Protection of the airways
Protecting the delicate gas exchange surfaces in the lung is essential for health and the respiratory system has a number of ways of filtering incoming air:
- Nasal hairs: large airborne particles never enter the respiratory tract because they are trapped in the strong nasal hairs that stretch across the nares.
- Mucus production: the whole of the respiratory tract above the bronchioles is lined with epithelium, which secretes thick, sticky mucus. This not only waterproofs the inside of the respiratory tract and acts as a protective barrier against irritants but also traps bacteria and foreign particles that come into contact with it. Over 125ml of mucus is produced each day (Thibodeau and Patton, 2005) and forms a continuous sheet or mucus blanket that covers the tubes of the tract. The mucus is moved towards the pharynx on small hair-like structures called cilia. Unpleasant stimuli such as dust and debris, noxious vapours including cigarette smoke and allergens or pathogens generally cause a rapid increase in mucus production - a good example is the common cold.

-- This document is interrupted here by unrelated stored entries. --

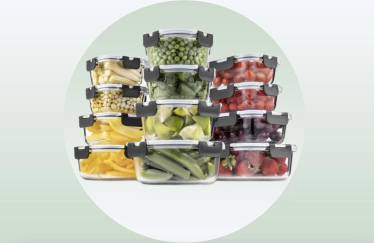 تشتمل مجموعة تخزين الطعام هذه على حاويات زجاجية بتسعة أحجام مختلفة مع أغطية بلاستيكية منسقة خالية من مادة BPA.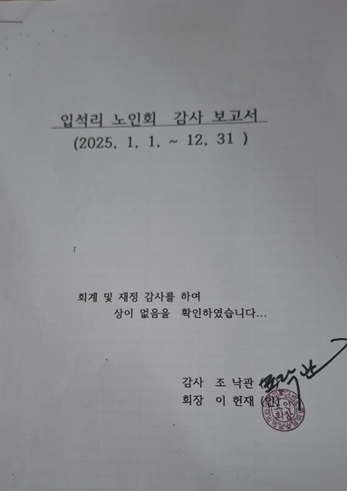 노인회 정기총회가 있어 다시 한번 차출 되었다.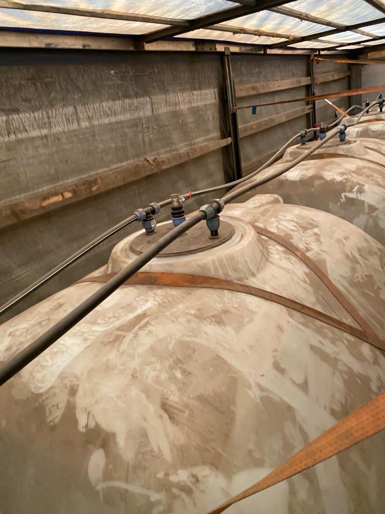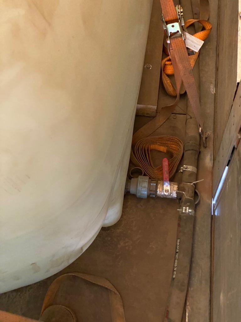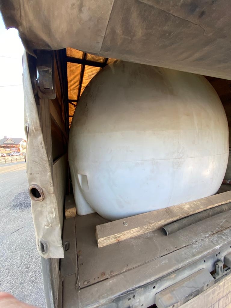 Під час обшуку у вантажному відсіку даного автомобіля виявлено 5 пластикових ємностей об’ємом по 6000 літрів кожна, заповнених прозорою рідиною з характерним запахом спирту, під‘єднаних до спеціальної системи, що дозволяє в разі зупинки автомобіля співробітниками правоохоронних органів, перетворювати спирт на склоомивач.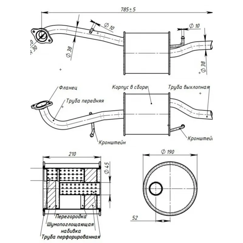| Особенности конструкции: | Шумопоглощающая набивка E-Glass |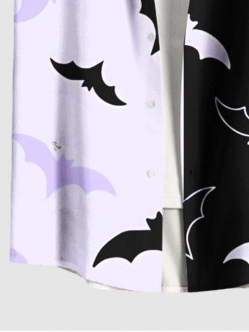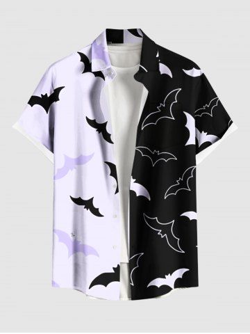 Homme > Chemise d'Halloween bicolore à imprimé chauve-souris, grande taille, avec poches boutonnées, pour homme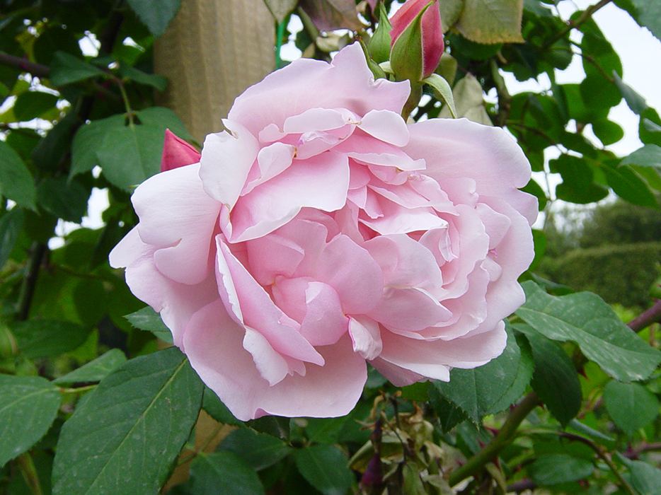 Antica rosa sarmentosa (cioè che si sviluppa in altezza grazie ai sarmenti) con foglie verde lucido e toni rosso. Ha rami vigorosi con spine grandi uncinate. E’ molto fiorifera in piena fioritura primaverile che però non si ripete nel corso dell’anno. I fiori sono piuttosto disordinati, di un colore rosa aragosta con base dorata, e si schiariscono verso il rosa incarnato con l’età. E’ molto profumata e si adatta bene a formare pillar (termine che definisce la crescita in altezza di rose sarmentose attorno a pilastri o a pali da sostegno) e spalliere.

- Cilia: these are minute hair-like projections of the epithelium lining of the respiratory tract (Fig 2). They beat 600-1,000 times a minute, sweeping the mucus, and any trapped particles in it, towards the throat where it is swallowed and destroyed by stomach juices. From the nose, mucus is moved backwards towards the throat but from the rest of the tract it is moved upwards - a system called the mucus escalator. Many bacteria are trapped in the mucus and are removed in this way. Cigarette smoke causes excess mucus production and paralyses the cilia and allows mucus to accumulate so that smokers have to cough to clear the secretions.

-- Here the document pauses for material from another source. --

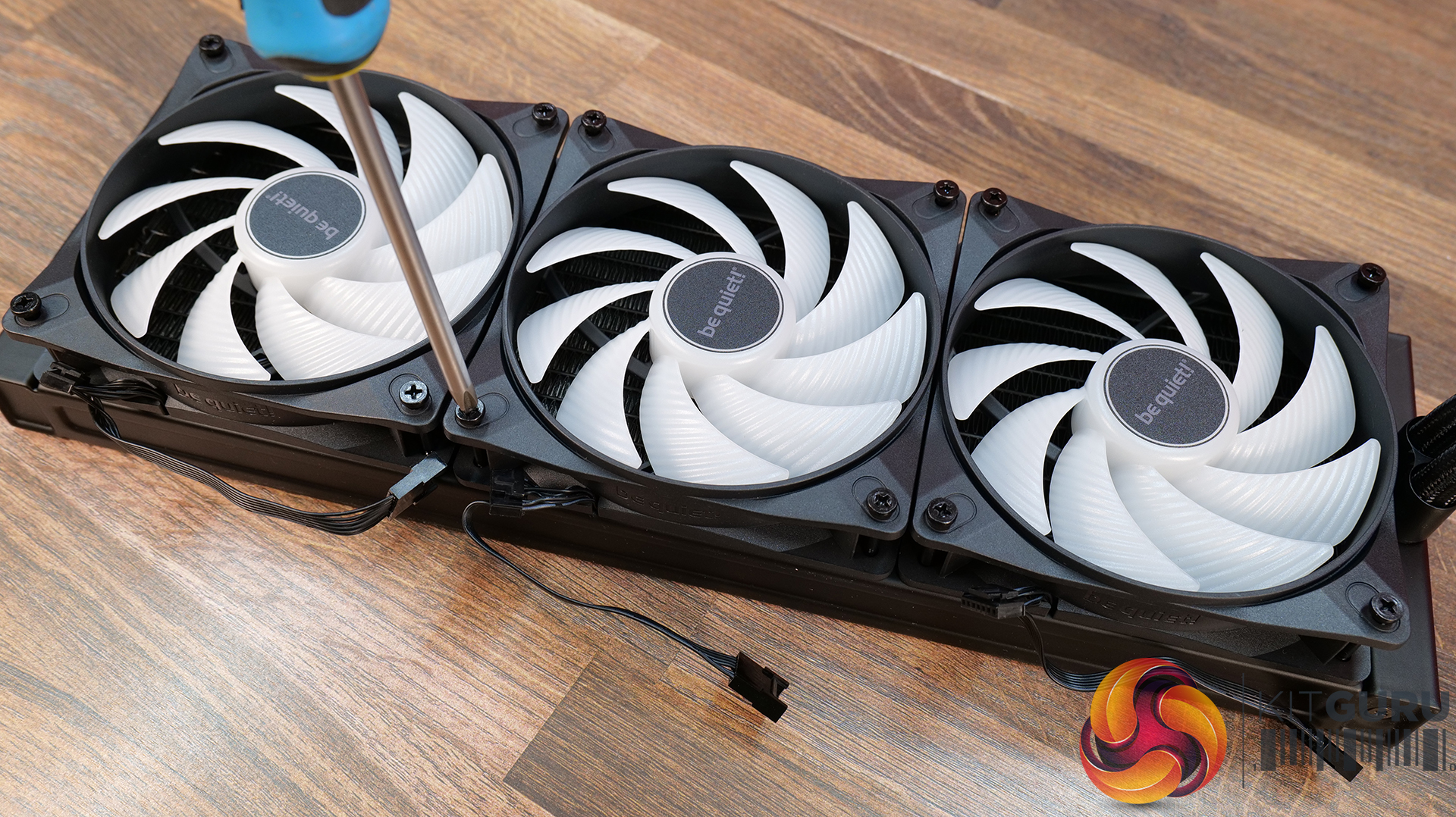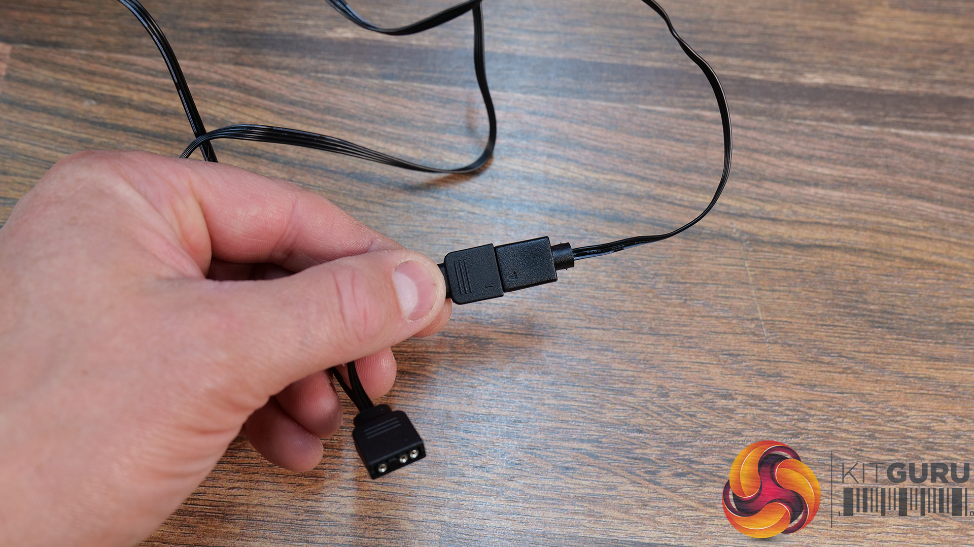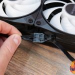 Since the cooler doesn’t come with the fans pre-installed, the first job is to attach the fans to the radiator using the long Phillips head screws found in the accessories pack. Then connect the daisy chain fan wiring and connect the extension to the end of the chain.

- Sneezing: sneezing is a protective reflex stimulated when the nasal mucosa is irritated. A series of short inspirations is followed by an explosive expiration, through the mouth, the nose or both. This explosive force carries droplets for long distances and is a common means of spreading disease.
- Coughing: coughing is a reflex mechanism for attempting to remove excess mucus or other irritants from the air passages beyond the nose. Receptors in the mucosal lining are activated and cause stimulation of the respiratory control centre in the medulla oblongata of the brain. The medulla regulates the special breathing pattern that characterises coughing. After an initial deep inspiration, a forced expiration is made. The glottis is closed during the initial expiration so air is trapped in the lungs. Pressure behind the glottis builds up rapidly and when it is reopened, air rushes out at a speed that may approach 500mph. This gathers up liquid matter and clears the airways. Coughing is a vital reflex to clear the airways since obstruction of even a small airway can lead to collapse of part of the lung and provide a focus for infection.
- Phagocyte activity: there are a large number of phagocytic cells in the epithelium that engulf debris, dust and bacteria and so help to filter the incoming air. The final line of defence of the airways is found in the alveoli, where macrophages are able to pick up carbon particles, bacteria and other debris.
- Epithelial lining of respiratory tract: this is an efficient air filter. Filtration in the nasal cavity removes particles larger than about 10 micrometres - slightly smaller particles are trapped as they pass through the bronchial tree and small particles of 1-5 micrometres in diameter are trapped in the mucus of the respiratory bronchioles or in alveolar fluid where they are engulfed by macrophages. The mucus escalator, and the coughing and sneezing reflexes clear the debris from the system.
This article has been double-blind peer-reviewed.